На самом деле Рудольф всего лишь до конца вживался в роль, в полном соответствии с принципами «эмоциональной памяти» и «правдой переживаний» Станиславского. «Я был Альбертом, а Альберт был влюблен в Жизель; на сцене я смотрел на нее глазами любовника». Однако после премьеры зрители считали страсти Рудольфа на сцене подлинными. Пошли слухи, что у Нуреева и Фонтейн роман и в жизни. То же ощутила и Марго: «странную привязанность», возникшую между ними, несмотря на то, что она знала: в то время он «был отчаянно влюблен в кого-то другого». Даже Эрика, который смотрел спектакль из-за кулис, охватили смешанные чувства: на личные эмоции накладывалась профессиональная ревность. «Он смотрит… Он смотрит… Он просто не мог понять такого рода успеха и почему он появился». Не дожидаясь Рудольфа, Эрик бросился бежать из театра. «Я гнался за ним, а фанаты гнались за мной. Начались шум и неразбериха».
Глава 9
Битник и принц
Тот день, 10 марта 1962 г., суббота, запомнился всем надолго. Быстро распространилась весть о «звездной паре», чья «Жизель» стала «триумфом века». Спектакль удостоился абзаца в The Time.
И несмотря на то, что сценический дебют Рудольфа на американской сцене прошел не на Манхэттене, а в Бруклинской академии музыки (БАМ), казалось, что все балетное сообщество «Большого яблока» пересекло Ист-Ривер, чтобы посмотреть на него. Он вышел на сцену единственный раз на десять минут, исполнив паде-де из «Дон Кихота», которое включили в смешанную программу балетной труппы Чикагской оперы. Но, как выразился один критик, «там собрался буквально весь Нью-Йорк, пусть для этого пришлось ехать в самый Бруклин». Ричард Аведон, который привел в зал группу друзей, в том числе Глорию Вандербильт и Леонарда Бернстайна, сидел в первом ряду. «Оглядываешься по сторонам, видишь вокруг себя старейших танцовщиков, совсем юных танцовщиков… и думаешь: «О господи!
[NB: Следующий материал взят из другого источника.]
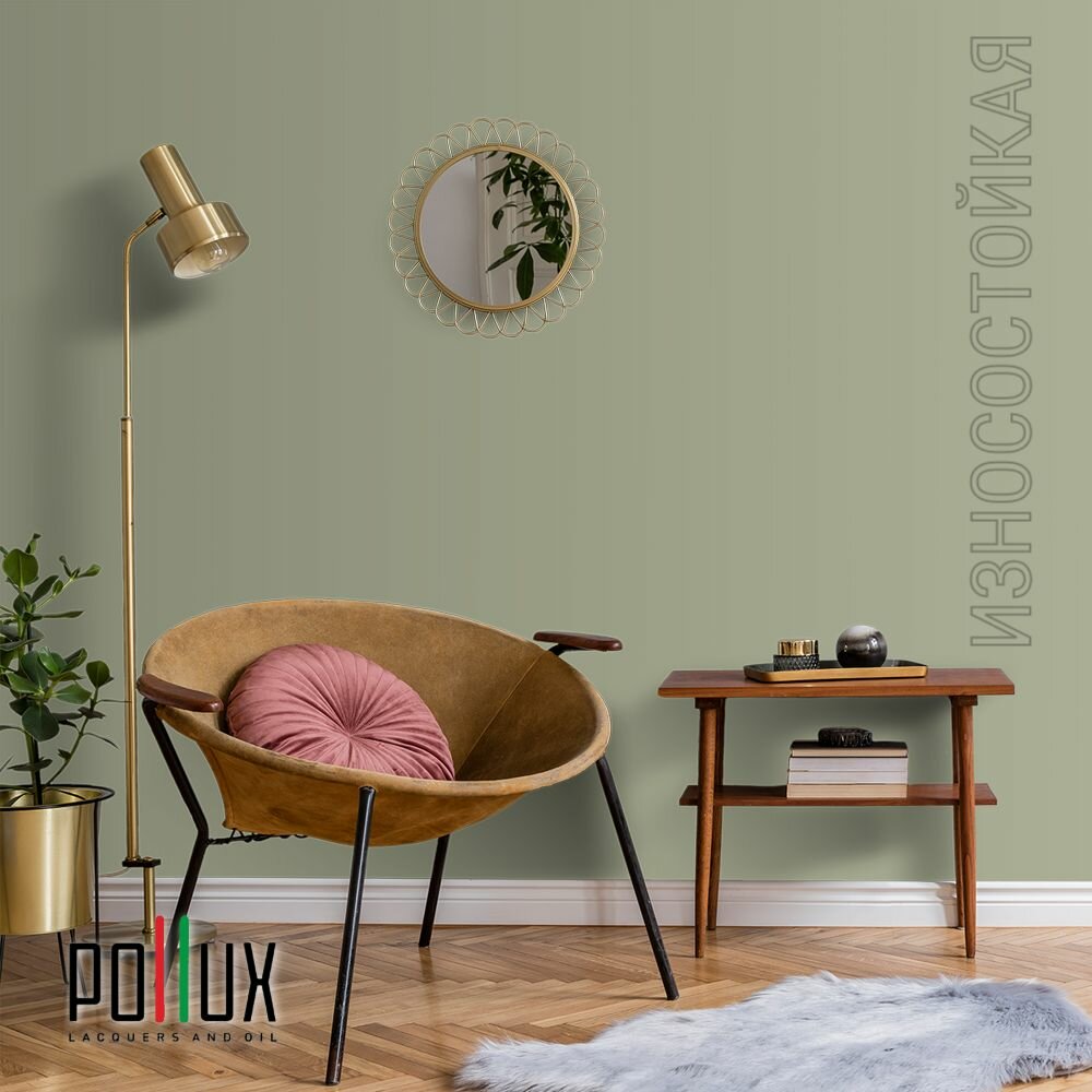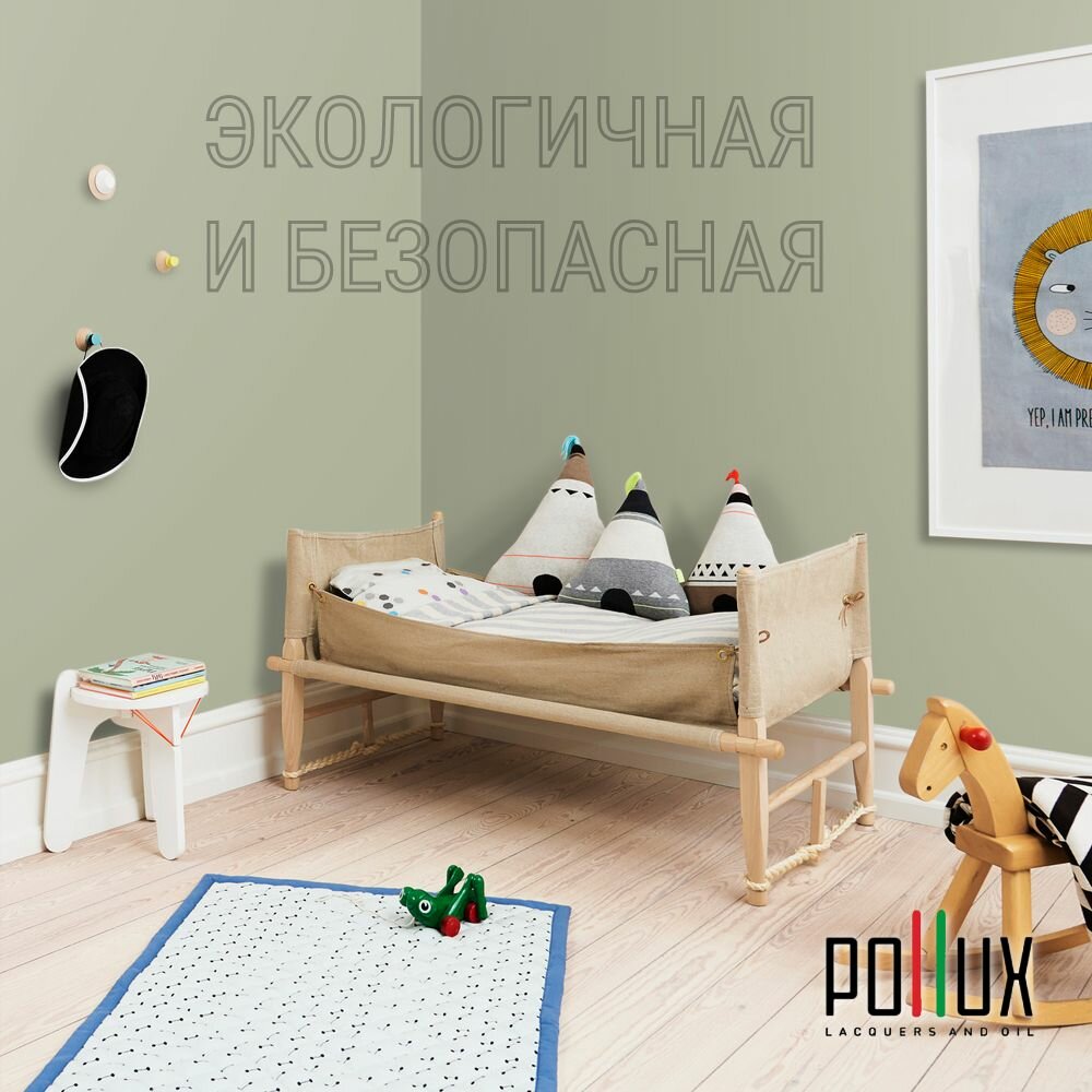 Краска моющаяся интерьерная для стен и потолков, Pollux INTERIOR без запаха, быстросохнущая, акриловая, матовое покрытие, цвет NCS S 4050-G60Y, 1л.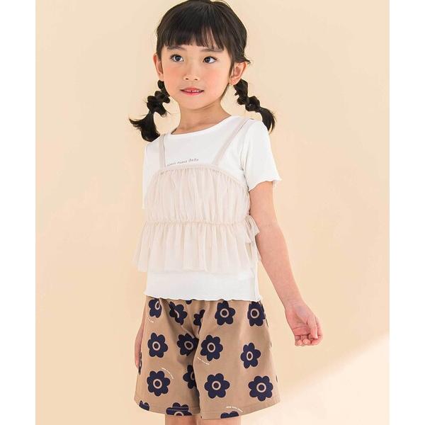 tシャツ チュールキャミソール重ね着フライス半袖Tシャツセット(90~130cm) キッズ 子供服 男の子 女の子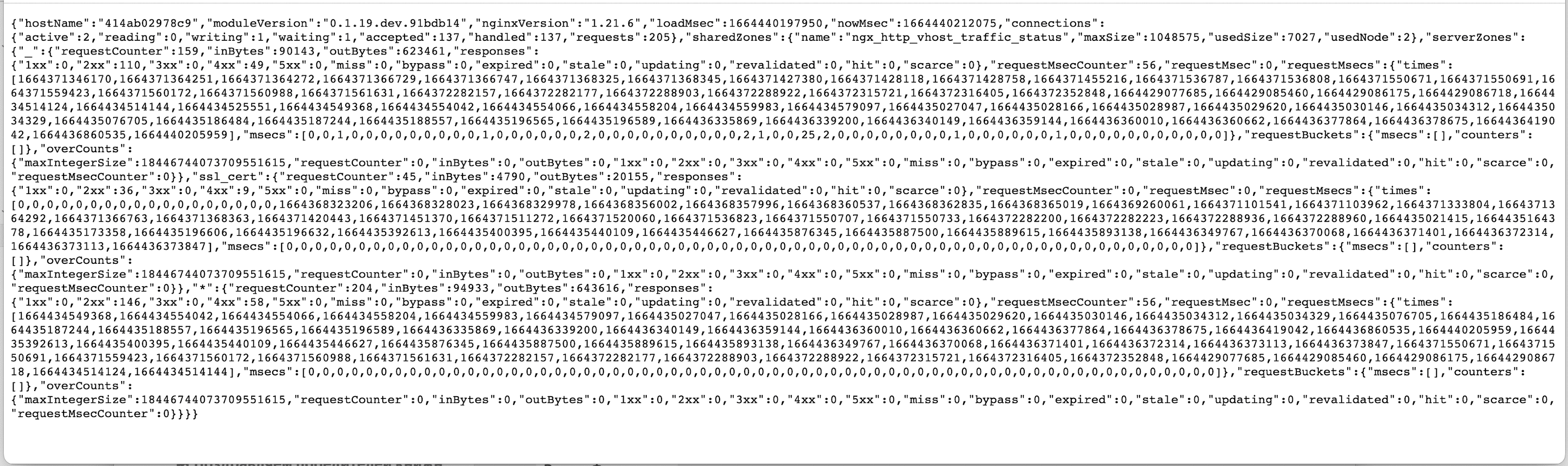 Пример вывода метрик модуля в формате JSON: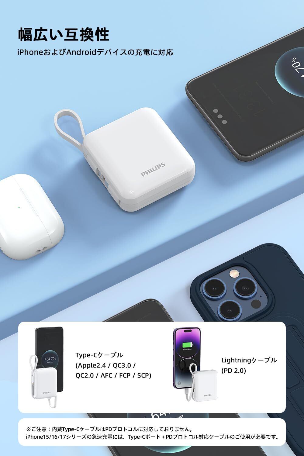 【収納可能なケーブル&幅広い互換性】 収納可能なライトニングケーブルとタイプcケーブルを内蔵しており、デバイスを充電するときはケーブルを抜き、充電しないときは収納しておくことができます。Type-CケーブルはiPhone 15 / 16 / 17シリーズとAndroidデバイスを、LightningケーブルはiPhone 14 / 13 / 12以下を充電します。usb-cケーブル対応のプロトコルはApple2.4 / QC3.0 / QC2.0 / AFC / FCP / SCPで、最大約22.5Wの高速出力があります。ライトニングケーブル対応のプロトコルはPD 2.0で、約最大19.98Wの高速出力になり、iPhone 14 / 13 / 12シリーズとAndroidデバイスの両方に急速充電が可能です。内蔵Type-CケーブルはPDプロトコルに対応しておりませんので、iPhone 15 / 16 / 17シリーズへの急速充電ができません。購入する前にあらかじめご了承くださいませ。
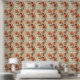 Floral Musical Notes Pattern Red Peel And Stick Wallpaper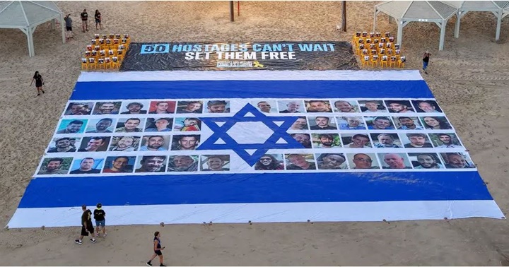 Benjamín Netanyahu ha anunciado la recuperación de los cuerpos de dos rehenes secuestrados en los ataques del 7 de octubre de 2023. Gran cartel extendido sobre la arena de una playa con los rostros de personas.
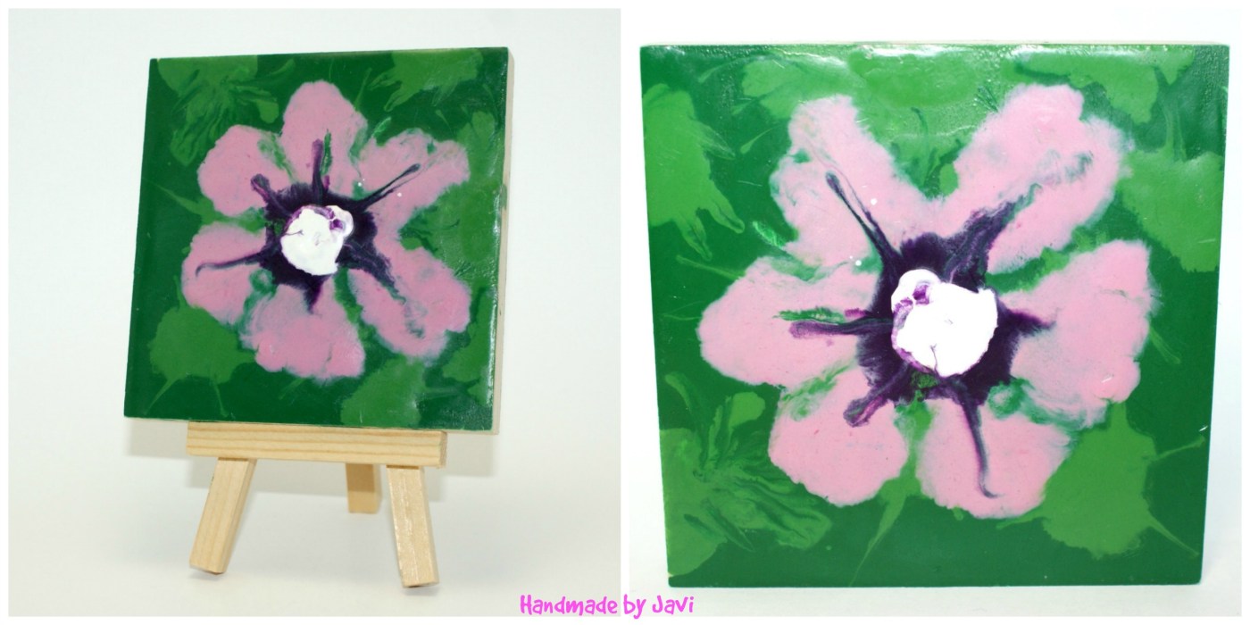 Crayon painting on miniature canvas. Total painting – 7″ x 5″ split into 4 mini paintings of 3.5″ x 2.5″ on mini easels. Gave these out at my wife’s Girl’s Night one night. (Yes, I’m the only guy invited Girls’ Night … helps that I make custom jewelry and cook … hehehe).
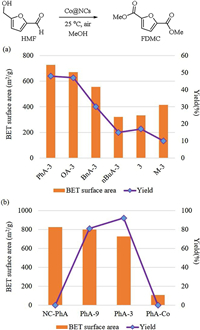 | Fig. 3. The relationship between yields (purple points) of FDMC (or BET surfaces areas of Co@NCs (brown square)) with different preparation process parameters of Co@NCs: (a) amine type; (b) molar ratio of Zn/Co. Conditions: HMF 0.3 mmol, Co@NCs (a) 10 mg or (b) 20 mg, MeOH 3 mL, O2 1 atm, 25 ℃, (a) 24 h or (b) 48 h; GC yields with anisole as an internal standard. | |

Вот оно!» В нескольких рядах за ним, рядом с Александрой Даниловой, сидел Баланчин – единственный человек, на которого Рудольф мечтал произвести впечатление в Америке.
Он вышел уверенно и исполнил адажио со спокойным, скромным достоинством, проявляя трогательное внимание к своей партнерше Соне Аровой. Зрители смотрели внимательно, но нетерпеливо; их возбуждение нарастало по мере того, как крещендо подводило к кульминации: все ждали его сольной партии. Наконец танцовщик занял стартовую позицию на заднем плане сцены, и первая двойная кабриоль вызвала «громкий вздох облегчения и радости». Аведон видел, как перекрестился дирижер. «Когда дирижерская палочка опустилась, Нуреев взлетел вверх. Насколько я помню, он просто взмыл ввысь; никаких приготовлений к прыжку не было заметно». Овация, которая последовала за последним па Рудольфа – «настоящий рев Ниагарского водопада», который перешел в настойчивые ритмические аплодисменты, пока он не повторил свою вариацию, и тогда зал взорвался свистками и криками.
Потом многие танцоры и знаменитости отправились за кулисы, чтобы познакомиться с новой звездой и поздравить его. Многие – но не Баланчин. Поскольку у Рудольфа не было никаких планов на остаток вечера, он с радостью принял приглашение Аведона на ужин, но вначале решил пойти на официальный прием по случаю премьеры в надежде застать там хореографа. Стоило ему войти в зал, как его окружили поклонники. Некоторые из них были белоэмигрантами; им не терпелось поговорить о родине. Их Рудольф игнорировал. «Когда я в Америке, мне нравится знакомиться с американцами… Я остался здесь не ради русских, которые плачут о России». Никаких признаков Баланчина в зале не было. Когда Анатоль Чужой, редактор журнала Dance News, отвел его в сторону, чтобы взять короткое интервью, Рудольф воспользовался возможностью косвенно обратиться к Баланчину. «Балеты мистера Баланчина для меня – новое поле деятельности, которое очень отличается от того, над чем я работаю сейчас, и мне хотелось бы узнать его лучше. Для меня было бы идеально, если бы мистер Баланчин согласился, чтобы я часть года работал в Ковент-Гардене, а часть года – в «Нью-Йорк Сити балет».